In fact plaintiff led defendant to believe at the time the contract was entered into that if an accident occurred, plaintiff would assume all such consequential damages and in reliance thereon, defendant agreed to make the haul . . . . In fact, defendant did not want to make the haul anyway but was induced to make the haul by plaintiff and his representation that plaintiff would assume the risks of an accident.

These contested findings are based entirely upon Victor Scalzo's testimony that, "On the second call, I said that I would not be liable." Plaintiff did not object nor ask that the answer be stricken, apparently being taken by surprise. Defendants had not pleaded any such defense and, although Scalzo had previously been deposed for discovery purposes, he had never mentioned this attempt to limit liability. Scalzo admitted King did not respond to the statement, if he heard it at all.

[3] It has long been the rule in this state that any attempt by a bailee for mutual benefit to disclaim or limit its liability for its own negligent acts contravenes public policy and will not be enforced. Althoff v. System Garages, Inc., supra; Ramsden v. Grimshaw, supra; Sporsem v. First Nat'l Bank, supra. So, in the instant case, Scalzo's apparent attempt to impose such a limitation or condition as a term of the agreement, even if heard or assented to, could have no such effect.

Even if defendants could lawfully limit their liability for their own negligent acts, such a nebulous and ambiguous phrase cannot be construed to mean that defendants agreed to pay only repair costs and that plaintiff would bear any other losses sustained as a result of negligence in the haul. Scalzo's statement fails to provide sufficient support for the trial court's challenged findings.

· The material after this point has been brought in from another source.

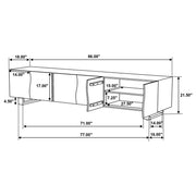 This spacious TV stand is crafted from solid mango wood, offering ample storage with its six doors and adjustable shelves. The mango brown finish highlights the natural beauty of the wood grain, giving it a warm and timeless look. Curved panel details on the doors add a modern touch, while interior shelves provide versatile organization options. Supported by sturdy metal legs, the sideboard blends rustic charm with industrial durability, complete with cable cutouts for media management. Key Features: • Solid mango wood 86-inch TV stand with spacious six-door design • Finished in a rich mango brown that enhances natural wood grain • Curved door panels add a modern and stylish visual accent • Adjustable shelves allow for flexible storage configurations • Sturdy metal legs ensure stability and long-lasting support • Cable management cutouts make it ideal for media organization

We now address the principal issue of whether plaintiff may recover for a proven loss of profits resulting from its inability to remove the Weyerhaeuser timber by the end of the season. The trial court was satisfied that plaintiff sufficiently proved net losses of $29,657.76, but refused to award it these additional sums, deeming them "consequential" or special in nature, and not within the contemplation of the parties at the time they contracted. The trial court appears to have relied for its decision on the landmark rule of Hadley v. Baxendale, 156 Eng. Rep. 145 (Ex. 1854).

The rule of Hadley v. Baxendale, supra, governing the recovery of damages for breach of contract is still followed in substance in most states, including Washington, and was recently paraphrased in Larsen v. Walton Plywood Co., 65 Wn.2d 1, 390 P.2d 677 (1964), at 6, as follows:

(1) damages for breach of contract in this state can be recovered only for such losses as were reasonably foreseeable by the party to be charged, at the time the contract was made. Lewis v. Jensen, 39 Wn.2d 301, 235 P.2d 312; (2) if the injury was not foreseeable, then it must specifically be shown that the defendant had special knowledge of the risk he was undertaking. Dally v. Isaacson, 40 Wn.2d 574, 245 P.2d 200.

The expression of the rule in the Restatement of Contracts § 330, at 509 (1932), is approved in Larsen and reads as follows:

In awarding damages, compensation is given for only those injuries that the defendant had reason to foresee as a probable result of his breach when the contract was made. If the injury is one that follows the breach in the usual course of events, there is sufficient reason for the defendant to foresee it; otherwise, it must be shown specifically that the defendant had reason to know the facts and to foresee the injury.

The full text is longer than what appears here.